Reactions: Thank You! 2


----------



## vegas urban lumber (Nov 26, 2020)

i got 4 large ones in stainless steel recently. like 25 gallon size, maybe too big but i can post a picture if you like


----------



## Tony (Nov 26, 2020)

vegas urban lumber said:


> i got 4 large ones in stainless steel recently. like 25 gallon size, maybe too big but i can post a picture if you like


What the heck, I'd like to see them Trev!

Reactions: Agree 1


----------



## vegas urban lumber (Nov 26, 2020)

actually probably more like 10 gallon

internal dimensions 24" tall 10" wide

stainless steel

Reactions: Like 1 | Way Cool 4


----------



## vegas urban lumber (Nov 26, 2020)

check it out here









Aquasource


The Aquasource provides powerful filtration at point-of-entry, and ensuring that every water source in the home delivers cleaner, more healthful water.




www.multipure.com

Reactions: Like 1


----------



## Tony (Nov 26, 2020)

I assume you can put a gauge on that top nipple?

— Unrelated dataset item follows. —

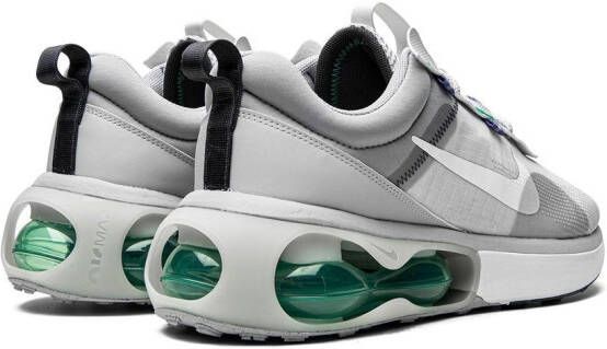 Grijs, kenmerkend Swoosh logodetail, ronde neus, vetersluiting aan de voorkant, dubbel lipje bij de opening, binnenzool met logo en rubberen zool met Max Air demping
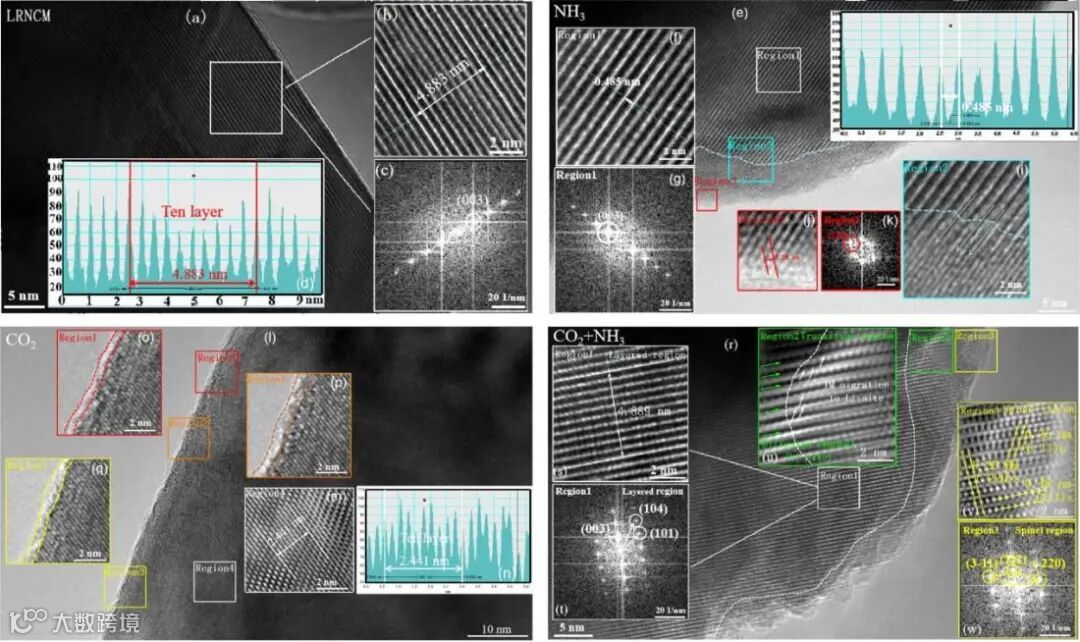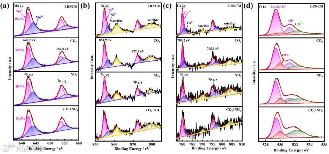 通过TEM对LRNCM、CO2、NH3和CO2+NH3样品进行表征,如图2所示,探究CO2和NH3气体的处理对正极材料的表面结构产生的影响。研究发现CO2和NH3气体处理对正极材料的表面产生了影响。通过TEM图像观察,显示了不同处理下样品的表面纳米结构和形貌。相关的IFFT和FFT显示了样品的晶格纹理和层间距。其中,LRNCM样品展示了明显的晶格纹理(0.48 nm),与LiTMO2相的(003)晶面或Li2MnO3相的(001)晶面相匹配,说明样品具有清晰的分层结构。NH3处理样品显示明显的表面层,其内部体相层呈现完整的层状结构,层间距为0.48 nm,其表面层间距为0.28 nm表面表面具有(220)的尖晶石相晶面。CO2处理后样品表面呈现超薄非晶层,表明CO2分子不断轰击样品表面,在表面与Li2O反应生成Li2CO3。在CO2+NH3双气体处理下,表面结构差异明显的区域呈现出5-10 nm的混合相结构,包括尖晶石相和阳离子无序结构。在CO2+NH3处理样品中,观察到转移金属离子从体相迁移到外表面的Li层,表明处理诱导了近表面微观结构的变化。通过简单的气固处理,实现了表面可混合相结构调控,同时保持了体相和表面修改层的结构完整性。

Have you tried them to see if they leak, and what do you want for it?


----------



## vegas urban lumber (Nov 26, 2020)

rated on their site for 100 psi

Reactions: Like 1


----------



## vegas urban lumber (Nov 26, 2020)

yes two outlet pipes on the sides, and top pipe with spur, all NIP.

they will need a new o ring for the lid. i'd have to get $150 plus shipping


----------



## vegas urban lumber (Nov 26, 2020)

they are in physically great condition, i have not pressurized them but see no reason that they are not fully sealable


----------



## vegas urban lumber (Nov 26, 2020)

the manufacture is located here in las vegas, so i'm sure i can get the orings no problem

4 of them came into the recycle yard at one time, i would imagine from a remodel, or tenant improvement

Reactions: +Karma 1


----------



## vegas urban lumber (Nov 26, 2020)




----------



## trc65 (Nov 26, 2020)

If you haven't seen it Tony @Kenbo made a video on converting a paint tank to pressure pot. https://woodbarter.com/threads/on-this-weeks-show-2020.40716/

Don't think he talked costs, but should at least be able to compile a list of needed components for pricing.

Reactions: Thank You! 2


----------



## Tony (Nov 26, 2020)

trc65 said:


> If you haven't seen it Tony @Kenbo made a video on converting a paint tank to pressure pot. https://woodbarter.com/threads/on-this-weeks-show-2020.40716/
> 
> Don't think he talked costs, but should at least be able to compile a list of needed components for pricing.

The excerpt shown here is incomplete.